Iron absorption by CaCo 2 cells cultivated in serum-free medium as in vitro model of the human intestinal epithelial barrier
A cell culture system consisting of confluent monolayer of human enterocyte-like CaCo 2 cells, cultivated in a serum-free nutritive medium, on microporous synthetic membranes has been used as an in vitro model of the intestinal epithelial barrier. The uptake of 55ferric citrate, as well as the transepithelial passage from the apical to the basolateral pole, have been studied. CaCo 2 cells accumulate iron in a time- and concentration-dependent process, largely specific from the apical pole. When 55ferric citrate is added at the apical pole, radioiron appears at the basal pole and the clearance rate is approximately four times higher than in the opposite direction; the amounts of 55Fe increase with the concentration in iron citrate and the duration of incubation.
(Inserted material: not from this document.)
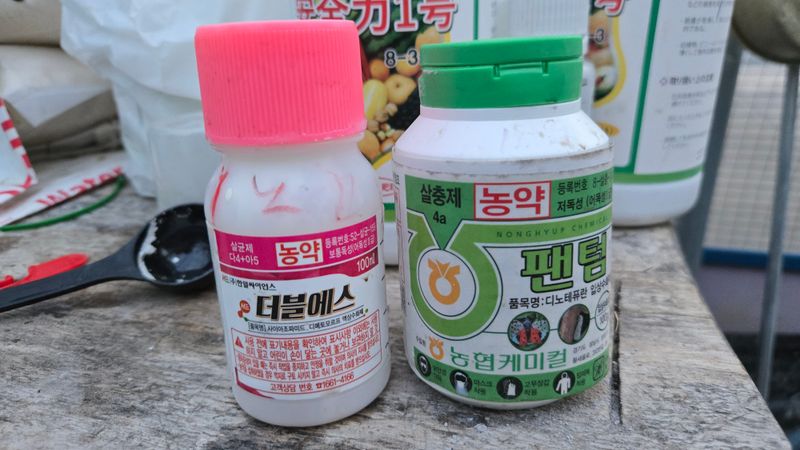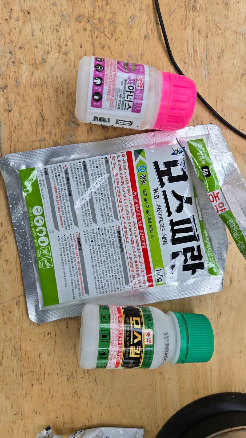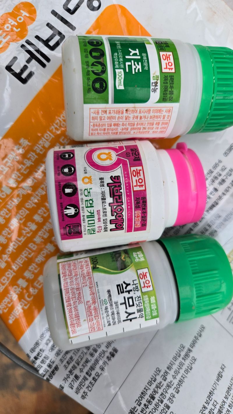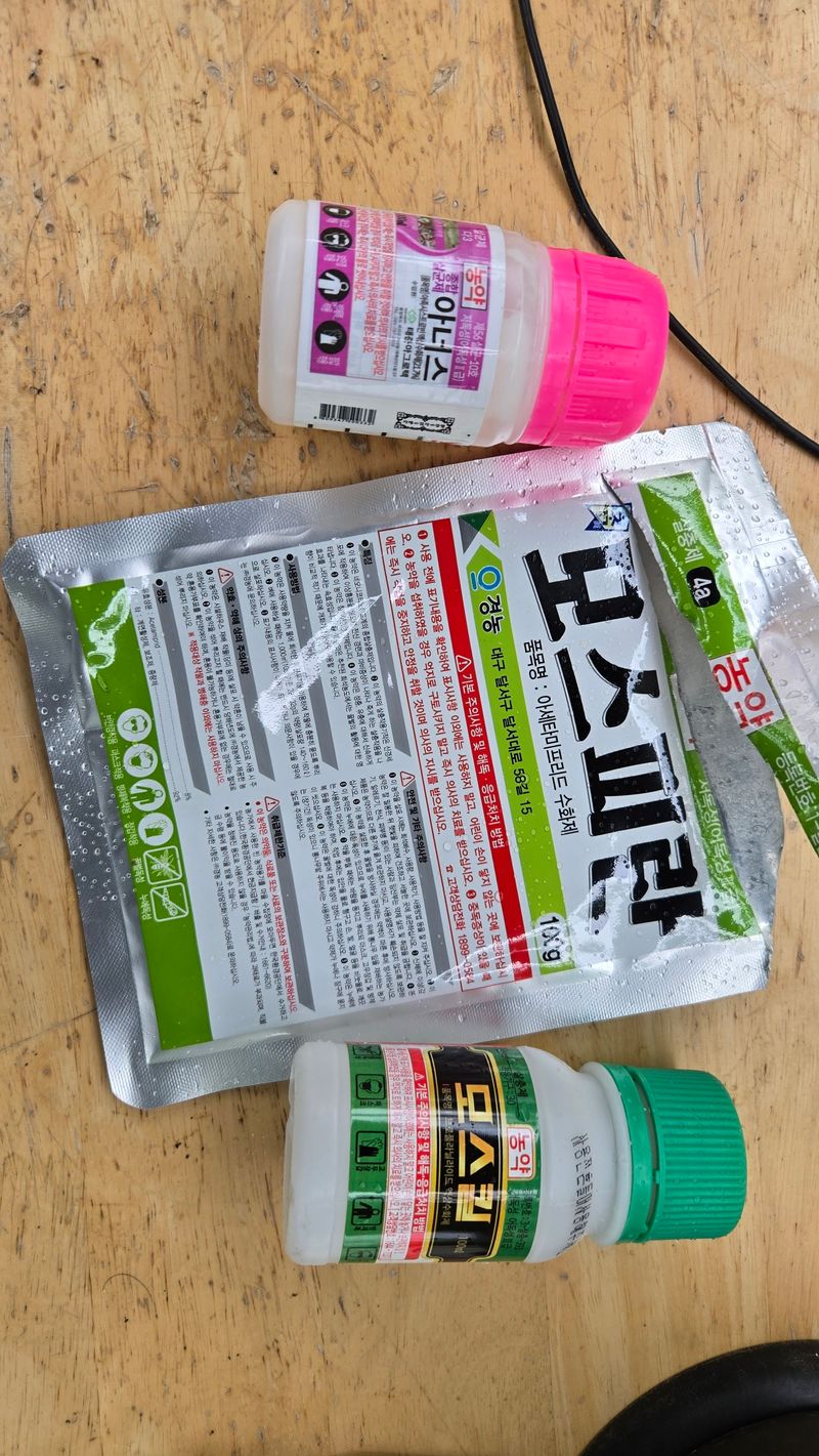 병충해방제 응애 노린제 깍지 노균 탄저 나방 진딧물 살무사 살충제 100ml 2병 커브리오에이 살균제 2병 지존 살충제 100ml 2병 물ㄹ 400 리터 혼합 옆면시비 완료

At least two concurrent mechanisms could be involved in iron absorption across monolayers of CaCo 2 cells. A first route would correspond to a paracellular passage of the metal from the apical to the basal pole. The second route would involve a selective intake of iron at the apical pole and could require a reduction of ferric iron, prior to the entry. Iron accumulated by the cells would, for a minor part, be stored within ferritin, whereas the major part would be excreted at the basolateral pole, either as low molecular weight material of undetermined chemical composition but from which iron is easily mobilized by apotransferrin or associated with neosynthesized apotransferrin. Vesicular transport and protein synthesis seem to be required.